Camellia Indoor Sports Centre (formerly Billbergia Sports Centre) is a multipurpose indoor sports centre located in the suburb Camellia located east of Parramatta and in the Western Sydney region of Sydney, Australia. It is currently owned by Sydney Sport Management Group.

== History and construction ==
On the 17th of November 2021, work begun on the construction of Billbergia Sports Centre a new state of the art indoor sports centre in an effort to help Parramatta become a stronger and more established area in every aspect. Another driving factor of the construction of the sports centre was providing a home to the Inner West Bulls Basketball Club.

This sport centre was built to include 4 FIBA standard basketball courts with the ability to host a wide variety of sports, a café, meeting rooms and a soft play area for young children.

It was originally scheduled to open in March 2022 however after some delays it was finally officially opened in September 2022.

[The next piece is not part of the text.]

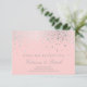 Élégante et moderne carte de réception avec des points de confettis argentés sur fond rose blush. C'est un faux foil argenté - il n'y aura AUCUNE feuille réelle. Cela fait partie d'une suite de mariage. Les articles assortis sont disponibles.

On the 25th of October 2024, Sydney Sport Management Group (SSM Group) a company with many years in taking care of and owning sports centres entered into a partnership agreement with Billbergia Property Group to take over Billbergia Sports Centre until eventually renaming it to Camellia Indoor Sports Centre the name that has stuck till today.

== Sports ==
Camellia Indoor Sports Centre is home to many social and competitive competitions in a wide variety of sports, the major ones described below. All information is up to date as of July 2026.

=== Basketball ===
Basketball in the sports centre is very important as not only was the entire sports centre originally built and supported for the purpose of basketball and with high quality maintained FIBA basketball courts but the PCBA (Parramatta Cumberland Basketball Association) uses it as one of its competition venues.

Its courts are also used for five versus five basketball competitions.

There are also a young hoopers program aimed at teaching children basketball and get them more active.

=== Volleyball ===
Volleyball in the sports centre is covered with two volleyball training groups and one competition level team based from the centre.

Volleyball training is covered under programs like Going Global Volleyball and Sparrows Volleyball both aimed at teaching volleyball to a wide range of skillsets and ages.

Competition volleyball is represented by Camellias Crimson Rosellas a new growing volleyball based club taking part in the YSVL and SVL competitions organised by Volleyball NSW (New South Wales state organisation of Volleyball Australia). The team has also communicated about hosting in-house tournaments at the sports centre.

=== Netball ===
Ladies and mixed netball competitions are held in the sports centre as a part of Anderson Events (which also hold Futsal and Basketball competitions in Camellia).

=== Futsal ===
Futsal is represented in the sports centre with the five versus five premier league and division one futsal league matches being held in the sports centre.

=== Sports list ===
Camellia is also home to other one day off events and competitions for the wide variety of sports they can support. Below is a list of all sports held in some form at Camellia Indoor Sports Centre.

| Basketball | Volleyball | Netball | Futsall | Pickleball | Powerchair Hockey | Wheelchair Rugby |

== Events ==
At this time it has not hosted any major sporting events.